Hypotonia may be detected shortly after birth or as a child gets older. It can be a condition on its own (infantile axial hypotonia) or, more commonly, it can be a symptom of an underlying condition such as cerebral palsy and others listed below.
Hypotonia can be caused by a variety of conditions, including genetic disorders and muscle disorders. Some common causes can include but are not limited to:
- Cerebral palsy
- Down syndrome
- Muscular dystrophy
- Myotonic dystrophy
- Marfan syndrome
- Prader-Willi syndrome
- Tay-Sachs disease
Specific treatments and services may vary by location. Please contact a specific location for more information.
Below are common symptoms of hypotonia, though symptoms vary depending on each individual child.

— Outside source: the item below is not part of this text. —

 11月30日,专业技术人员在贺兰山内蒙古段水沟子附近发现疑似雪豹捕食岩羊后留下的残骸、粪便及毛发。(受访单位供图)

- Muscles feel soft and floppy
- Feeling limp or like a ‘rag doll’ when being held
- Ability to extend joint beyond its normal limit
- Inability to meet developmental milestones (such as holding head up without support, rolling over, sitting up without falling over)
- Problems with feeding
- Shallow breathing or difficulty with speech
- Mouth hangs open with tongue protruding (under-active gag reflex)

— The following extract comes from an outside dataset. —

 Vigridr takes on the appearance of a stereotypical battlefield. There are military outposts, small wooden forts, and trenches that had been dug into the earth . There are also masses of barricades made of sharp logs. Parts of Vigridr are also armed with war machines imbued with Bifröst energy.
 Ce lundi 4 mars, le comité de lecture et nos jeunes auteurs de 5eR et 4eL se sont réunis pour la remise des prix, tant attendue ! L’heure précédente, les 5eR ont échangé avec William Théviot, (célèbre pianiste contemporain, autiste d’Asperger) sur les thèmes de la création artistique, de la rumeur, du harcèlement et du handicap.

An accurate diagnosis is important in order to provide the most effective care for children experiencing hypotonia. This is especially important because hypotonia can indicate that another disorder is occurring (such as cerebral palsy). Our physicians may ask the family if the condition has been worsening or if it has been consistent and stable. They may also ask about family history, their pregnancy and delivery, and whether any problems have occurred since birth.
Treatment is individualized to help improve functions such as daily activities, mobility and speech. In these cases, treatment may involve physical therapy, occupational therapy, and speech therapy. In some cases your doctor will recommend bracing or supportive equipment. On some occasions children benefit from surgery.